(A intersect B)' proof

[kathrynag]

1. The problem statement, all variables and given/known data
I need to prove or disprove:
(AintersectB)'=A'intersectB'



2. Relevant equations



3. The attempt at a solution
Let x\in(A\capB)'
Then x\notinA\capB
x\notinA or x\notinB
Then x\inA' or x\inB'
x\inA'\cupB'

[VeeEight]

x is not an element of A intersection B means that x is not a common element of A and B. So you want to look at how you went from line 2 to line 3. You might want to try some examples to see what is happening, like A = (0,1), B = [0,1] (as a subset of the reals).

[kathrynag]

x is not an element of A intersection B means that x is not a common element of A and B. So you want to look at how you went from line 2 to line 3. You might want to try some examples to see what is happening, like A = (0,1), B = [0,1] (as a subset of the reals).

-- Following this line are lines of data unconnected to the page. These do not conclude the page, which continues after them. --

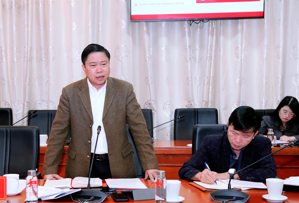 PGS,TS Nguyễn Văn Hậu, Chánh Văn phòng Đảng uỷ, Trưởng ban Công tác Đảng – Đoàn thể báo cáo tại buổi làm việc
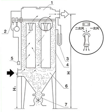 含尘气体由除尘器进风口进入中、下箱体、通过滤袋进入上箱体的过程中,由于滤袋的各种效应作用将粉尘气体分离开,粉尘被吸附在滤袋上,而气体穿过滤袋由文氏管进入上箱体,从出风口排出。含尘气体通过滤袋的净化过程中,随着时间的增加,积在滤袋上的粉尘越来越多,因而是滤袋的阻力逐渐增加,通过滤袋的气体量逐渐减少,为了是除尘器能正常工作,所以要把阻力控制在限定范围内(一般为120-150毫米水柱).这样当阻力升到限定范围的时候,有控制仪就要发出指令按顺序触发各控制阀开启脉冲阀,气包内的压缩空气由喷吹管各孔经文氏管喷射到各对应的滤袋内,滤袋在气流瞬间反向作用下急剧膨胀,使积在滤袋表面的粉尘脱落,滤袋。被掉的粉尘落入灰斗经排灰系统排出机体,由于积附在滤袋上的粉尘定期,被净化的气体正常通过,除尘器正常工作。
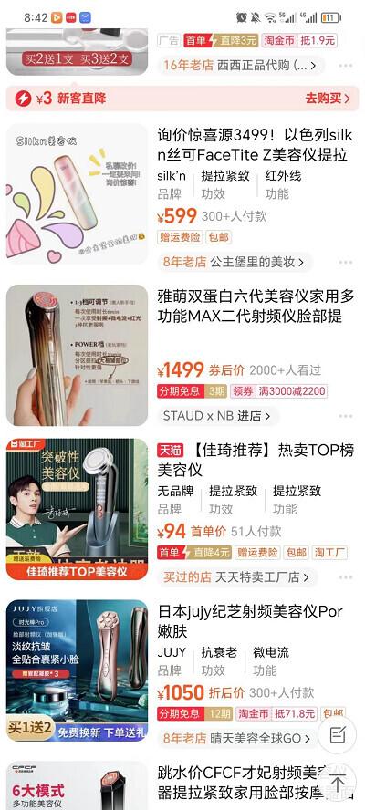 记者查询发现,花至、雅萌、觅光等品牌的京东旗舰店、天猫官方旗舰店均已下架射频美容仪产品,但相关平台的一些店铺仍旧在出售“射频美容仪”。
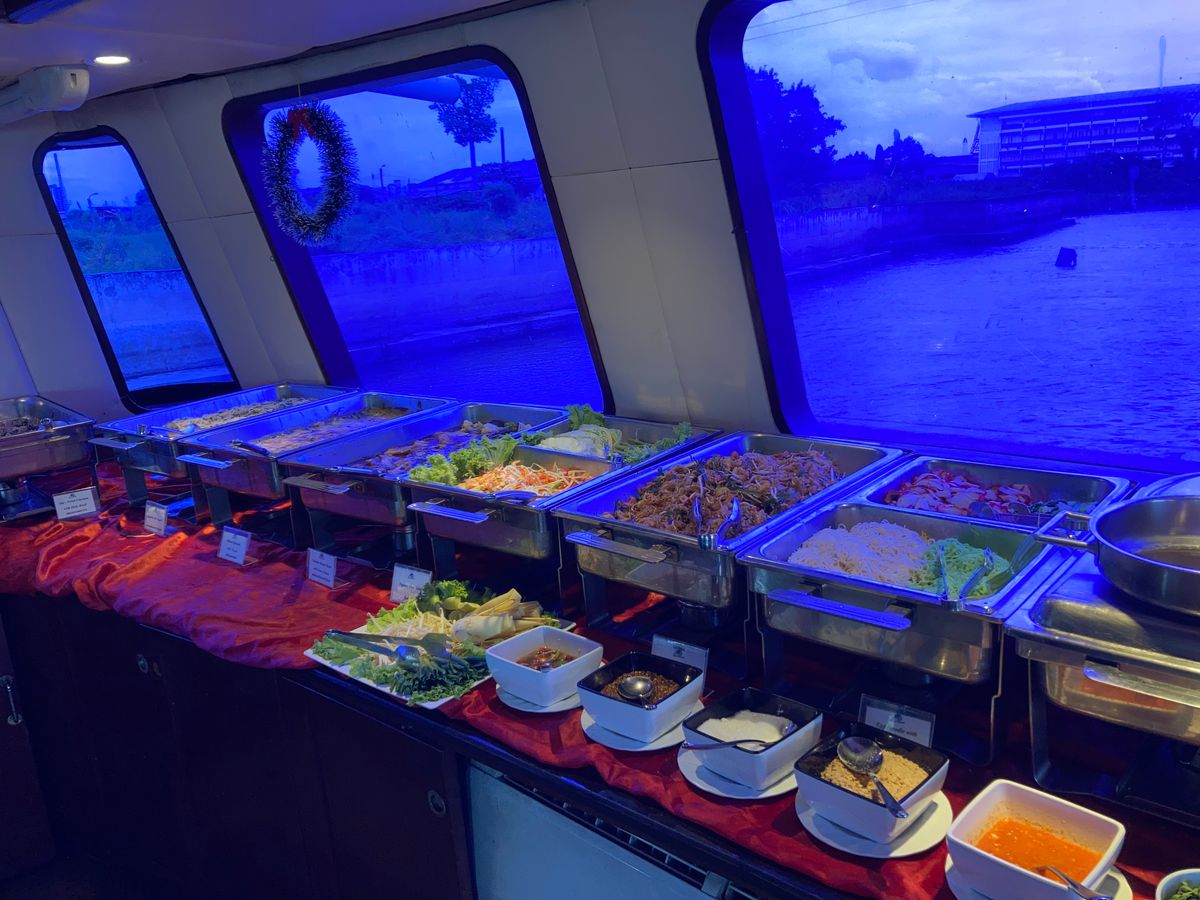 アユタヤ観光の帰りにランチクルーズができるとは知らなくてパンダバスさんに申し込みました。結果は大成功。帰りのクルーズがあるのとないのとでは満足感が違うと思います。アユタヤ観光は広い遺跡を回るのでどうしても体力を消耗してしまいますが、帰りは豪華なクルーズの旅に癒されながらバンコクに帰ることができました。お料理の品数も多くて味付けも外国人向けで辛くなくとても美味しかったです。席も窓側の良い席を準備していただきました。

Ok I typed line 2 and 3 wrong
Then x\notinA\cupB
x\notinA or x\notinB

[kathrynag]

Let A={1,2,3}
B={3,4} universe={1,2,3,4,5,6}
(A intersect B)={3}
(A intersect B)'={1,2,4,5,6}

A'={4,5,6}
B'={1,2,5,6}
A'intersectB'={5,6}

[kittybobo1]

You might want to check your 'ors' and 'ands'. If you have the union of (1,2,3) U (4,5,6), then given any x, that would mean that x is in (1,2,3) or (4,5,6), right? What about for intersections? Your proof is almost right..

[kathrynag]

1. The problem statement, all variables and given/known data
I need to prove or disprove:
(AintersectB)'=A'intersectB'



2. Relevant equations



3. The attempt at a solution
Let x\in(A\capB)'
Then x\notinA\capB
x\notinA or x\notinB
Then x\inA' or x\inB'
x\inA'\cupB'

Let A={1,2,3}
B={3,4} universe={1,2,3,4,5,6}
(A intersect B)={3}
(A intersect B)'={1,2,4,5,6}

A'={4,5,6}
B'={1,2,5,6}
A'intersectB'={5,6}
So, x\notinA\capB.
This implies x\notin{3}
So,x\in{1,2,4,5,6}
Would this mean x\inA' or x\inB'?

[kathrynag]

1. The problem statement, all variables and given/known data
I need to prove or disprove:
(AintersectB)'=A'intersectB'



2. Relevant equations



3. The attempt at a solution
Let x\in(A\capB)'
Then x\notinA\capB
x\notinA or x\notinB
Then x\inA' or x\inB'
x\inA'\cupB'

Ok so x\notinA and x\notinB.
Then x\inA' and x\inB'.
x\inA'\cupB'

[kittybobo1]

well, no, you had it right using the 'or's. I just wasn't sure if moving from line 2 to line 3 you understood what you were doing or if you were formulating it to make your answer right.

[kathrynag]

Ok, then did I go wrong somewhere in my proof? Should I have said x\notinA and x\notinB. Then if I went on from there, I could get a right conclusion?

[natives]

If you dont care what method..You can use VENN DIAGRAMS!

[pizzasky]

Let A = {1,2,3} , B = {3,4} , universe = {1,2,3,4,5,6}

A \cap B = {3}
(A \cap B)' = {1,2,4,5,6}

A' = {4,5,6}
B' = {1,2,5,6}
A' \cap B' = {5,6}

This counterexample should tell you that the statement (A \cap B)' = A' \cap B' is not true!

[cristo]

If you dont care what method..You can use VENN DIAGRAMS!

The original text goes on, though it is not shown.